Semi Aniline Leathers
First things first: In this case "semi" is actually a misnomer, as it does not mean partial. A more appropriate name for semi aniline leather would be aniline plus pigment due to the way it is created. The process starts the same way as for aniline leathers. However, whereas the treatment of full aniline stops after the dying, semi aniline leathers are further treated. So, after the leather is aniline dyed, a slight protective coating, which can contain some additional pigmentation, is applied to the top of the hide to guarantee a consistent colour. Due to the pigmented coating some blemishes will be concealed leaving a more uniform surface texture. Additional finishes can then be applied to the leather either by hand or by machine (e.g. antique looks or exotic leather optics). In the end, a clear protective coating is applied to make the leather stain repellent and sun resistant. The sheen of this coating can be adjusted to give a matte or glossy finish.

Pigmented/Protected Leathers
Just like the other two types above, it is dyed all the way through the hide. However, the surface is then coated with a heavy protective topcoat which includes pigmentation. Any kind of blemishes or imperfections are removed through buffing or sanding and then embossed with an artificial grain. At the expense of a deep rich colour and a luxurious feel, pigmented leathers are treated with spray coating which makes it more durable. Therefore, pigmented leathers are the least natural grain leather but also the most durable.
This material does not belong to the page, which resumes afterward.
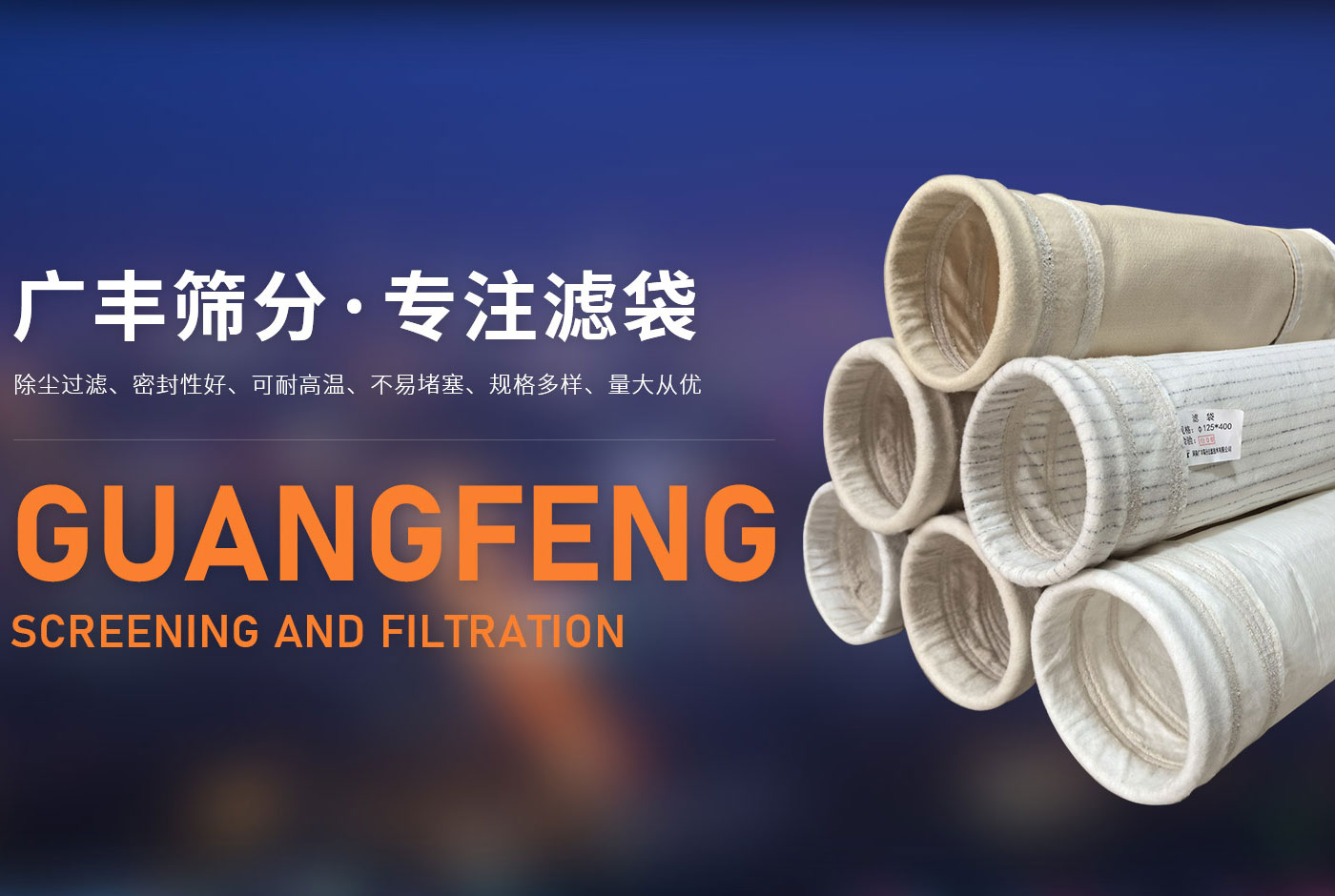 代替除塵布袋細長型除塵濾筒,以聚酯無紡布,不銹鋼或鍍鋅鐵頭,聚氨酯或硅膠頭底部,寬褶距,易清洗,頭部開口,封底,高過濾效率,增加2-3倍過濾面積。 廣豐篩分細長濾筒采用進口長纖維聚酯濾料,纖維均勻;濾料堅挺,脈沖反吹效果好;

You need to keep in mind that all three types are very good leathers, as they are grain leathers, as opposed to split leathers. So, it really comes down to personal preference. If you care more about the authenticity and beauty of natural leathers, you should go with full or semi aniline. If your main concerns are durability and costs but you still want high-quality leathers, protected leathers are right for you. The bigger the surface area (bags, sofas etc.) the more important it is to know about grain leathers when trying to pick the right leather for your needs.